I'm guessing that once the 47MB of preprocessor output is fed to the actual compiler, a lot of it will turn out to be semantically null or trivially redundant, and some really basic optimisations like hoisting and common subexpression elimination will collapse the rest back down to a handful of assembly instructions.

Martin Uecker Jul 23, 2024

@arnd @KeyJ Guess that got a bit out of hand.

AstraLuma Jul 24, 2024

@arnd @KeyJ that reads like XML entity attack

ljs Jul 23, 2024

@arnd we going to revert that series then?

I feel there is pedantry at play...

Arnd Bergmann Jul 23, 2024

@ljs Unfortunately, it seems a lot of code started relying on the added features, so it's not as easy as reverting it, and the original version wasn't great either.

Not sure how to best fix it, maybe there is a chance to make a neat version that doesn't produce a constexpr and change all the callers that actually need a constexpr to use a simpler macro.

ljs Jul 23, 2024

@arnd worth posting to the linux-mm ML at least?

I mean this is unacceptable

Omar Sandoval Jul 23, 2024

@ljs @arnd eh I don't think it's fair to call this pedantry. This looks like a legitimate quality of life improvement for a common annoyance with min/max, but given the consequences, it's fair to say that it's not worth it.

ljs Jul 23, 2024

@osandov @arnd Regardless, this is an unacceptable build regression.

Chatted to @arnd on IRC who suggests he is tied up with stuff to dig into this more so I'll have a wee look :)

EDIT: Think that'll be more likely a report to list + leave others to solve as this seems quite involved and I have a ton of things to do :>)

FULL-FIFO DEVELOPER 🇺🇦🇨🇿Jul 23, 2024

@ljs @osandov @arnd bro just get a faster pdp-11

Oleksandr Natalenko, MSE

@lkundrak @ljs @osandov @arnd All the arguments against preprocessor are always won by preprocessor.

ljs Jul 23, 2024

@osandov @arnd For those following, posted https://lore.kernel.org/linux-mm/[email protected]/T/#u summarising situation + showing some results on my local box (ignore cringe hostname of said box)

Build performance regressions originating from min()/max() macros

Oblomov Jul 24, 2024

@ljs @osandov @arnd haven't seen the code, but would it possible to cut this down by using some static const intermediary values?

ljs Jul 24, 2024

@oblomov @osandov @arnd I'm no expert on the behaviour of the pre-processor or C const behaviour + don't really have time to dig deep but based on discussions on IRC - there's some really subtle complexity around const behaviour (esp. in scenarios like array indices where it truly has to be const) that I believe makes a relatively straight forward solution trickier.

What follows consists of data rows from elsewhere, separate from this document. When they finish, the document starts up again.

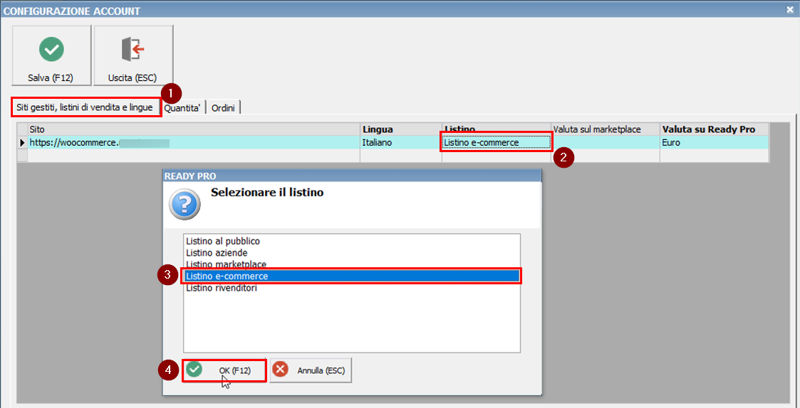 Ad esempio, dal tab Siti gestiti, listini di vendita e lingue, è possibile scegliere il tipo di listino da utilizzare per i siti ecommerce
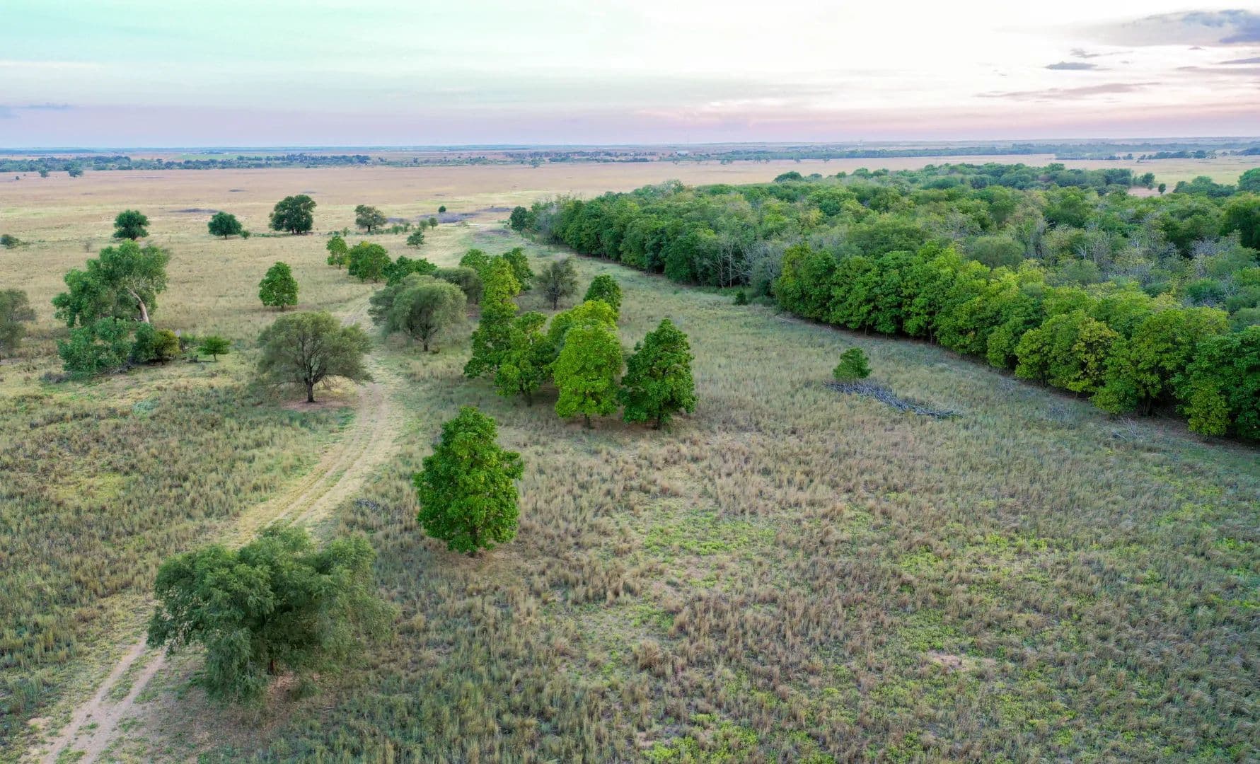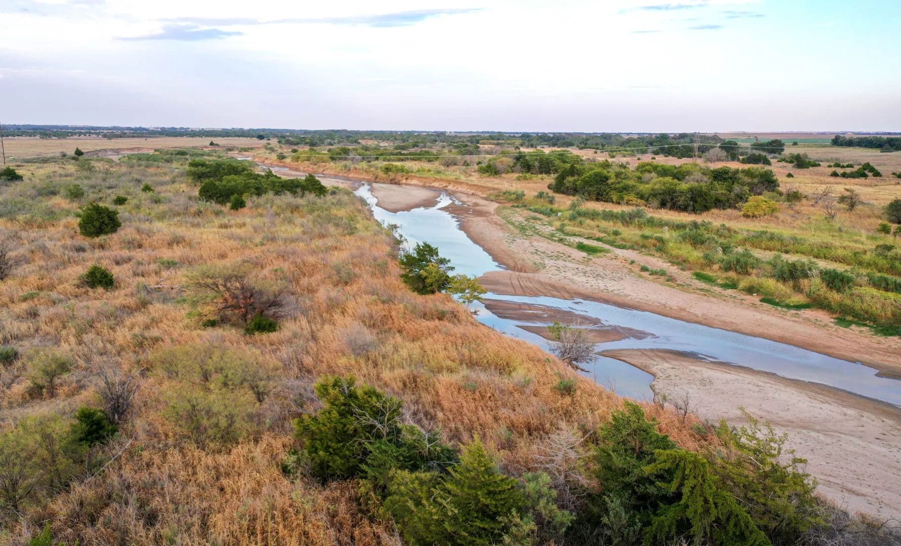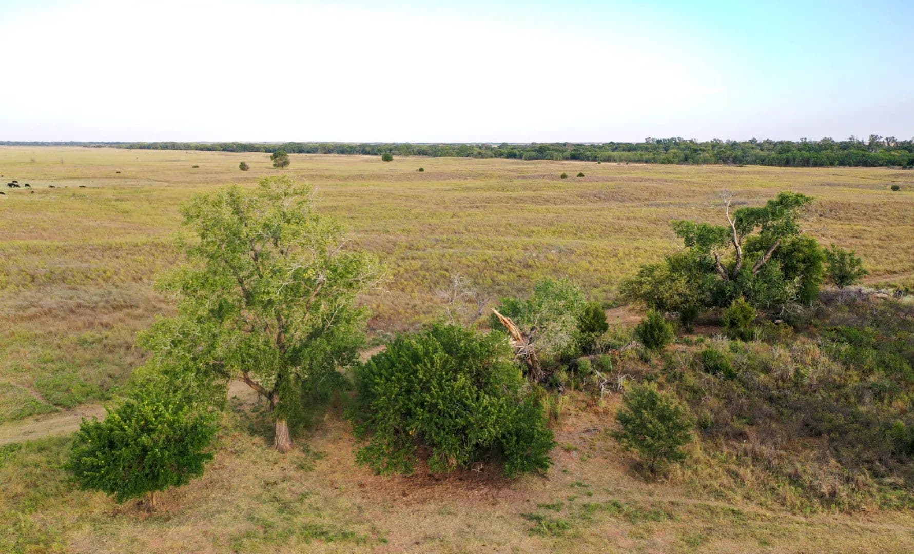 The topography and landscape varies throughout the property but is generally described as gently rolling and sometimes hummocky sand hills, gently draining south to the river. The East Division is all native pasture with principal grasses being several varieties of bluestem, Indian grass, switchgrass, sand reed, eastern gamma grass, and wild rye, to name a few. Scattered plum thickets are common. A variety of trees throughout the ranch include oak, elm, ash, hackberry, mulberry, chinaberry, some cedar, and a small amount of salt cedar adjacent to the river.
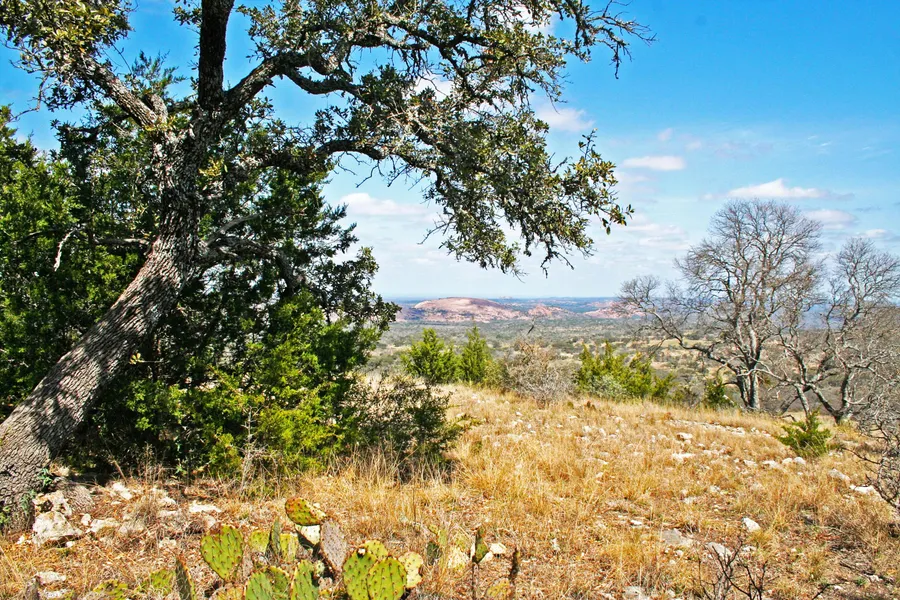 Terrain: The ranch is picturesque Texas Hill Country, with over 400 feet of elevation changes, offering incredible views up to 30 miles in all directions, including pristine views of Enchanted Rock, just 3 miles away. The terrain ranges from fertile dark soils in the bottomlands to gently rolling hills studded with granite outcroppings to shear rock faces climbing to high hill tops. The highest elevation is a 1,963 feet peak. The ranch is covered in live oak, post oak, elm, cedar, and native brush.
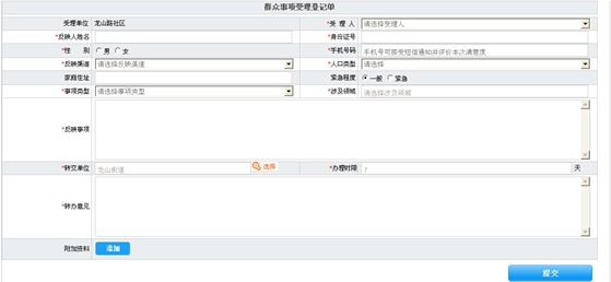 2.村(社区)干部下村走访时,记录下群众反映事项,本级能办理的当即办理,经村(社区)书记、主任确认属于受理范围且本级无法办理的,则进入系统录入相关信息。带*号必填。
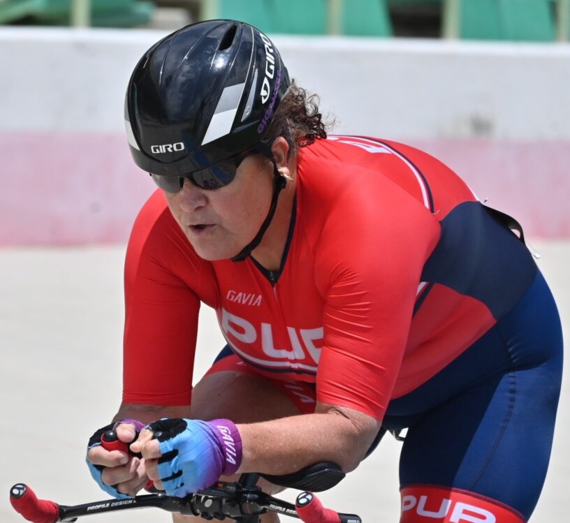Juana Fernández Veras (50-54 años) continúa cosechando triunfos en el deporte que le apasiona: el ciclismo. La veterana corredora se impuso en la prueba por puntos de los Campeonatos Panamericano de Ciclismo Máster Santo Domingo 2023. (Foto: Manolito Jiménez).
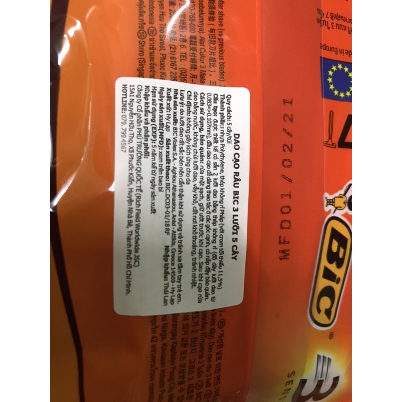 Bịch 7 Cái Dao Cạo Râu Tiện Lợi BIC 3 Lưỡi Chính Hãng
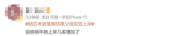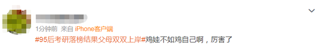 近日,95后女生陈女士哭笑不得地晒出父母考研成功,自己落榜的经历。陈女士称,自己去年开始备战考研。父母为了增添她的信心,与她一起备考。不料成绩出来后,父母考上了,她本人落榜了。陈女士的父母都毕业于重庆大学,是重庆的985。对于她没“上岸”这件事,父母劝她“看开点”。
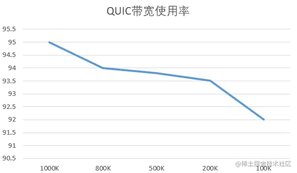 我们还做了在带宽受限的情况下,QUIC 对于带宽的使用率,基本上 QUIC 对于带宽的使用率都能达到90%以上,然而 TCP 就要差很多。

There are bits of existing code that do this but again, seems super subtle.

Anyway I will leave the details of a solution to others :)

Arnd Bergmann Jul 24, 2024

@ljs I think @oblomov is suggesting an intermediate variable in the specific caller, which is a trivial fix and will of course work as it reduces the 47MB to a few KB. The thing we can't easily do is have a temporary variable inside of the min()/max() macros themselves because that prevents them from being used as a C constant expression, e.g. as an array length inside of a type definition.

ljs Jul 24, 2024

@arnd @oblomov ah right yeah.

The problem is we have tons of callers so actually doing that would be a giant pain.

I feel like a way forward may be to have a specific macro for the extremely strict case (type decl) and a looser one for everywhere else that eliminates this.

But question is - how often are we using min()/max() + friends in places like array lengths where we must strictly be const?

Arnd Bergmann Jul 24, 2024

@ljs @oblomov Not a lot. In an x86 allmodconfig build I had to fix up these 11 files with a simplified min()/max(). There are probably another dozen for other configs.

drivers/edac/sb_edac.c
drivers/gpu/drm/amd/pm/swsmu/smu_cmn.c
drivers/gpu/drm/drm_color_mgmt.c
drivers/input/touchscreen/cyttsp4_core.c
drivers/md/dm-integrity.c
drivers/net/can/usb/etas_es58x/es58x_devlink.c
drivers/net/ethernet/stmicro/stmmac/stmmac_main.c
fs/btrfs/tree-checker.c
lib/vsprintf.c
net/ipv4/proc.c
net/ipv6/proc.c

ljs Jul 24, 2024

@arnd @oblomov well this solution seems viable then? maybe have a cmin()/cmax() for these scenarios or something like that.

Oblomov Jul 24, 2024

@arnd @ljs yeah, my idea was to do it in the caller, not in the macro. stuff like (types made up. I have no idea what they are):

const int pfn_down_max = PFN_DOWN(MAXMEM);
const int extra_ratio = EXTRA_MEM_RATIO*min(max_pfn, pfn_down_max);
const int leftover = max_pages - max_pfn;
extra_pages = min3(extra_ratio, extra_pages, leftover);

or whatever. Might even increase readability (esp. with comments) in addition to limiting macro expansion blowout.

ljs Jul 24, 2024

@oblomov @arnd Not criticsing this to be clear that's a fine suggestion [text can be shit for conveying this] :)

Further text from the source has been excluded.